Provide abstractions which able to represent in the single place all the information required to
- Select kernel(s) which can do the required job
- Build these kernel(s)
- Run kernels
- Auto-tune kernel(s)
Such abstractions allow working with all convolutions in unified manner. Currently, there are:
- ProblemDescriptions
- Solvers
- Non-searchable
- Searchable, which implement auto-tune internally (legacy OpenCL)
- Searchable, which employ Generic Search
- Solutions
- PerformanceConfigs (paired with searchable Solvers)
2. Problem Description and Context
2.1. Problem Description for an operation, e.g. conv::ProblemDescription
This is an input for the Solver.
- This is an object which represents a set of parameters that shall unambiguously describe the specific library primitive. Example for convolutions:
struct ProblemDescription
{
int n_inputs = 0;
int in_height = 0;
int in_width = 0;
int kernel_size1 = 0;
int kernel_size0 = 0;
int n_outputs = 0;
...
struct Direction direction; // has members like IsBackwardData() etc
...
}
- If perf-db is used, the object must provide also "void Serialize(std::ostream& stream) const;". This is used to generate perf-db keys.
- Each unique problem shall have unique db-key.

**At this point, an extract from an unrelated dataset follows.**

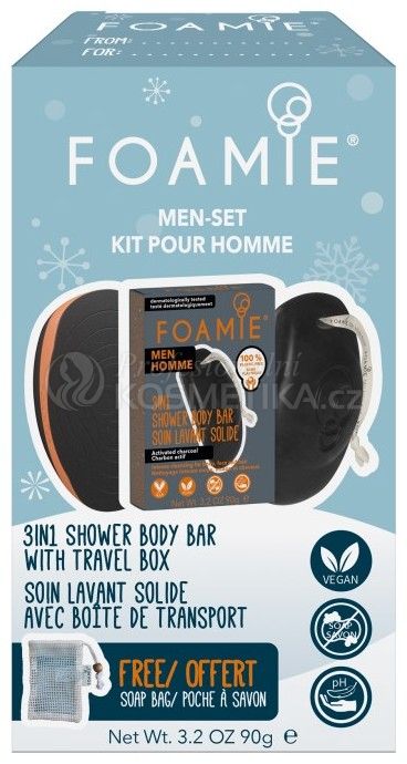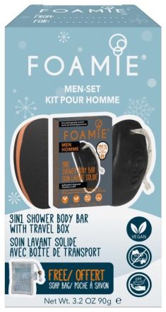 Vánoční limitovaný Starter set Body Men. Obsah: Sprchová péče Foamie Men 3v1, Travel Buddy box.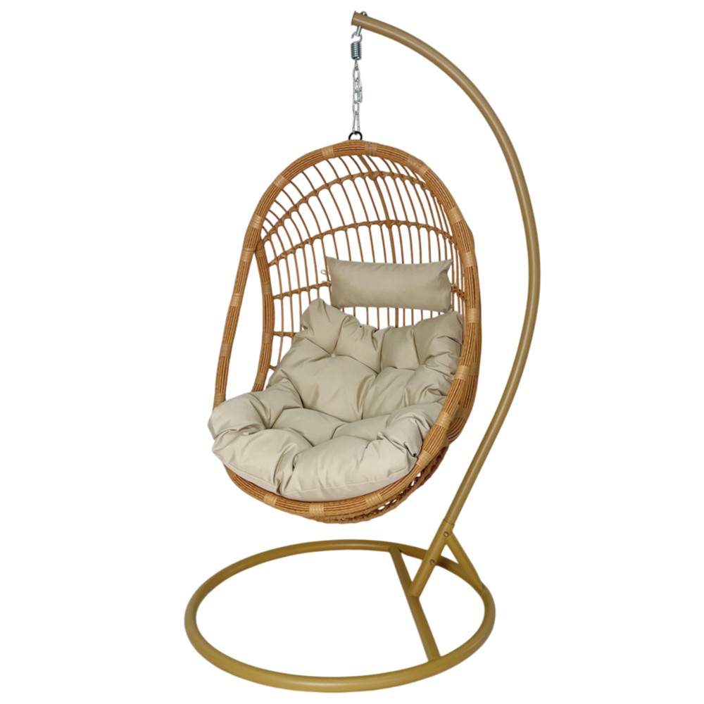 Swing, metal/PE rattan, beige frame, beige slats, basket L126xW90xD70 cm, H200 cm

- May contain other helper members in order to ease implementation or Solvers, for example:
struct ProblemDescription
{...
int GetBackwardPad0() const { return kernel_size0 - pad0 - 1; }
int GetBackwardPad1() const { return kernel_size1 - pad1 - 1; }
...}
2.3. ExecutionContext
TBD|
2.3. Operation Context, e.g. ConvolutionContext
Inherits from ProblemDescription and ExecutionContext, so for example an instance of ConvolutionContext can be used as an instance of conv::ProblemDescription. More info TBD.
3. What is Solver
Solver is an object which encapsulates the implementation of specific primitive.
- It "knows" all the information required to properly use the kernel(s) it hides.
- Searchable (Tunable) Solvers work together with paired PerformanceConfig objects. In such a case the information about kernel(s) is distributed between Solver and its PerformanceConfig.
Member functions (see here for current prototypes):
bool IsApplicable(ConvolutionContext&);- Takes problem description (e.g. convolution parameters) and answers if this Solver is able to provide the Solution.
- This must be fast, i.e. must faster than kernel execution time.
- [Informative] The typical execution time should be ~10 us.
If a Solver needs workspace:
size_t GetWorkspaceSize(const ConvolutionContext&) constbool MayNeedWorkspace() const- This is optional method which is required for optimization of GWSS.
Each Solver instance s can be used as a parameter to GetSolverDbId(s) template function which retrieves the string id of the Solver. There is default implementation of GetSolverDbId() which returns the class name and can be overridden if necessary.
If a Solver is Dynamic:
bool IsDynamic() const { return true; }
If a Solver is NOT searchable (NOT tunable):
Solution GetSolution(ConvolutionContext&);- Returns Solution object
If a Solver is searchable (tunable), then also the accompanying PerformanceConfig type shall be defined plus some member functions:
PerformanceConfig GetPerformanceConfig(const ConvolutionContext&) const;- Provides default performance parameters
PerformanceConfig Search(const ConvolutionContext&) const;- Performs auto-tune and returns optimal parameters.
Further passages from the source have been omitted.